Erdogan in NATO climbdown over Kurds

Syrian Kurdish members of the People's Protection Units (YPG) in 2018. Turkey considers the group terrorists. (AFP/File photo)
  • Erdogan withdrew his demand that the alliance designate Kurdish YPG fighters in Syria terrorists
  • Turkish president had threatened to veto NATO’s defense plan for the Baltics and Poland unless

ANKARA: NATO leaders forced Turkish President Recep Tayyip Erdogan into a humiliating climbdown on Wednesday over his demand that the alliance designate Kurdish YPG fighters in Syria terrorists.
Erdogan had earlier been accused of political blackmail after he threatened to veto NATO’s defense plan for the Baltics and Poland unless he got his way on the YPG.
But at the conclusion of the alliance’s 70th anniversary summit in London on Wednesday, NATO Secretary-General Jens Stoltenberg said Turkey had agreed to approve the plan.
Whether to designate the YPG “a threat” or “a terror group” had not even been discussed at the leaders’ meeting, and disagreements over the issue should not undermine the gains made in the global fight against terrorism, Stoltenberg said. “Despite differences, the allies keep uniting around their core mission, which is protecting each other.”
Many in Turkey wondered what Erdogan had obtained in return for withdrawing his veto, but Lithuanian President Gitanas Nauseda denied any quid pro quo, and welcomed the plan as “a huge achievement for the whole region.”

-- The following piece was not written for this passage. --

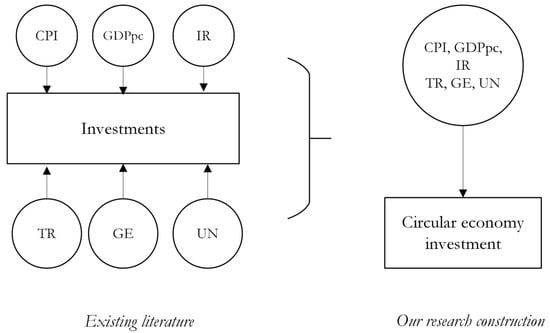 Choosing macroeconomic determinants for investment analysis includes understanding its impact on investments, regardless of the sector in which the investment is made. When selecting macroeconomic determinants for investment, it is crucial to determine how they influence these investments and understand how the monetary policy and how regulatory bodies react to certain macroeconomic developments. In the existing literature, it is most common for authors to consider separately the influence of one determinant on the investor’s investment decision. In the literature studies that addresses investments in a circular economy, authors have considered environmental determinants of these investments, like CO2 emission, air pollution, climate changes, waste management, and material footprint []. Considering the financial point of view, macroeconomic determinants are essential for attracting investors in any industry. The aim of this research is to determine whether the considered macroeconomic determinants also have the same effect on circular economy investments, without the intention to equate investments and investments in the circular economy. Therefore, our conceptual framework for selecting the macroeconomic determinants is the following Figure 1:

Burak Bilgehan Ozpek, a political scientist from TOBB University in Ankara, told Arab News: “Removing the blockage is a good decision, but just before the summit Erdogan seemed to be trying to use the NATO forum to solve Turkey’s own foreign policy challenges, which was totally wrong.”

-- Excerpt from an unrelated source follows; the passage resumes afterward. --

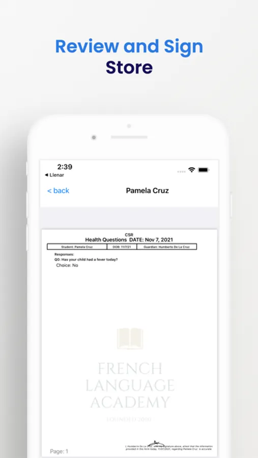 Create forms and distribute to parents via QR codes to complete and sign on their phones. Submitted forms will appear on your account to review and sign. You can also put your tablet on form filling mode for parents that don't have the app!

If such tactics ever influenced NATO’s decision-making processes, the alliance could no longer be considered purely a military defense project, instead becoming a mechanism for political wrangling between member countries, Ozpek said.
In the summit’s final declaration, NATO said: “Terrorism in all its forms and manifestations remains a persistent threat to us all. State and non-state actors challenge the rules-based international order.”
That will interest Turkish decision-makers, said Karol Wasilewski, an analyst at the Polish Institute of International Affairs in Warsaw. The aim of Erdogan’s veto gambit was “probably to break Turkey’s isolation over the Syrian issue,” he told Arab News.
“If Turkey … gets at least an assurance that the allies will tone down their criticism of the Syrian operation, or maybe even consider minor financial support for the safe zone, Turkey could argue that the bargain paid off,” he said.